When thinking about this, and last two patches, I started to think that maybe
it is worth merging:

'KVM: VMX: enable use of MBEC',
'KVM: nVMX: pass advanced EPT violation vmexit info to guest'
'KVM: nVMX: pass PFERR_USER_MASK to MMU on EPT violations'

into one patch 'KVM: VMX: enable use of MBEC', except the code that passes advanced
EPT violation to the nested guest (the 4nd hunk of the second patch).

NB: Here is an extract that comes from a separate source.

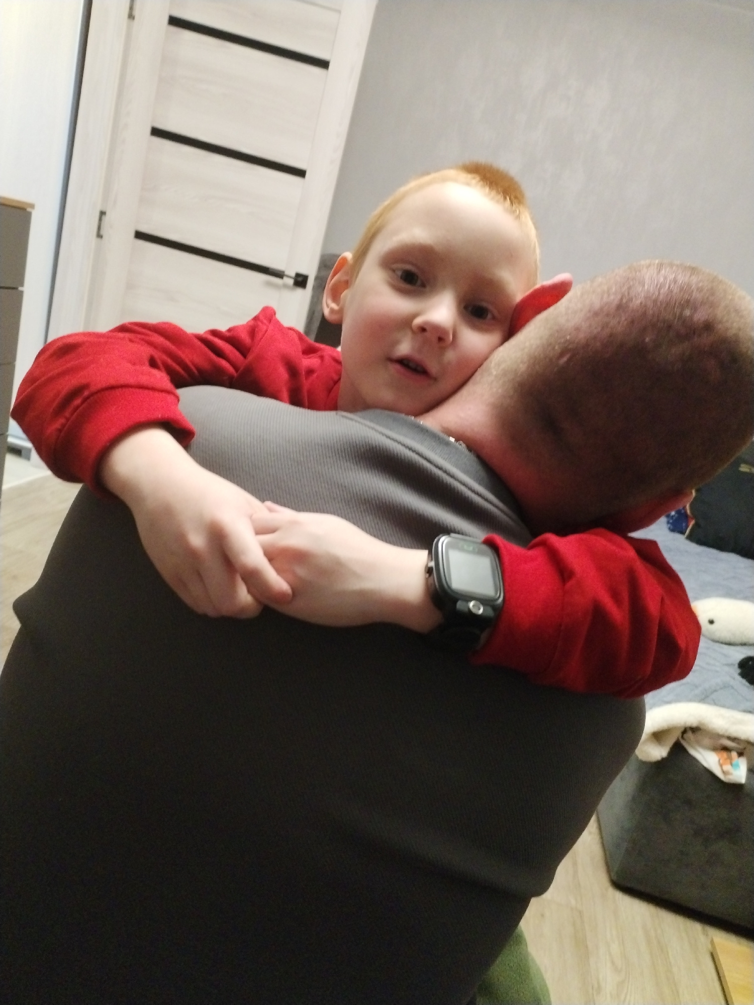 A fair-skinned child with red hair, wearing a red long-sleeved shirt and a watch on his wrist, is hugging a man with a bald head. The man is wearing a gray shirt. They are indoors, and behind them is…read more

And then turn this hunk to a separate patch which can still be named
as the second patch.

This way it will be IMHO clearer when we honour the 'enable_mbec', and in theory
there will not be a two patch window in which mbec could be enabled with unsupported
configuration.

Finally (assuming that what I am thinking is correct, I haven't verified it),
assuming that 'EPT advanced qualification' was specially added for MBEC,
we can add a comment stating that it is unlikely that there are CPUs
(outside of some weird nested configurations), which support either but not both features.

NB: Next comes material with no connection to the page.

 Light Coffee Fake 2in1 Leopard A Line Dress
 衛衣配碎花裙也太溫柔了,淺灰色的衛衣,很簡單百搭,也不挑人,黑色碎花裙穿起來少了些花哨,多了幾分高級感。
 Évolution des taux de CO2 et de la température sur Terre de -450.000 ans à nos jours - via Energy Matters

> + * this way mbec=1 in the kvm_intel module parameters implies availability
> + * to nested guests as well.

Best regards,
Maxim Levitsky

> + */
> + if (!(vmx_cap->ept & VMX_EPT_ADVANCED_VMEXIT_INFO_BIT))
> + _cpu_based_2nd_exec_control &= ~SECONDARY_EXEC_MODE_BASED_EPT_EXEC;
> +
> if (!cpu_has_sgx())
> _cpu_based_2nd_exec_control &= ~SECONDARY_EXEC_ENCLS_EXITING;
>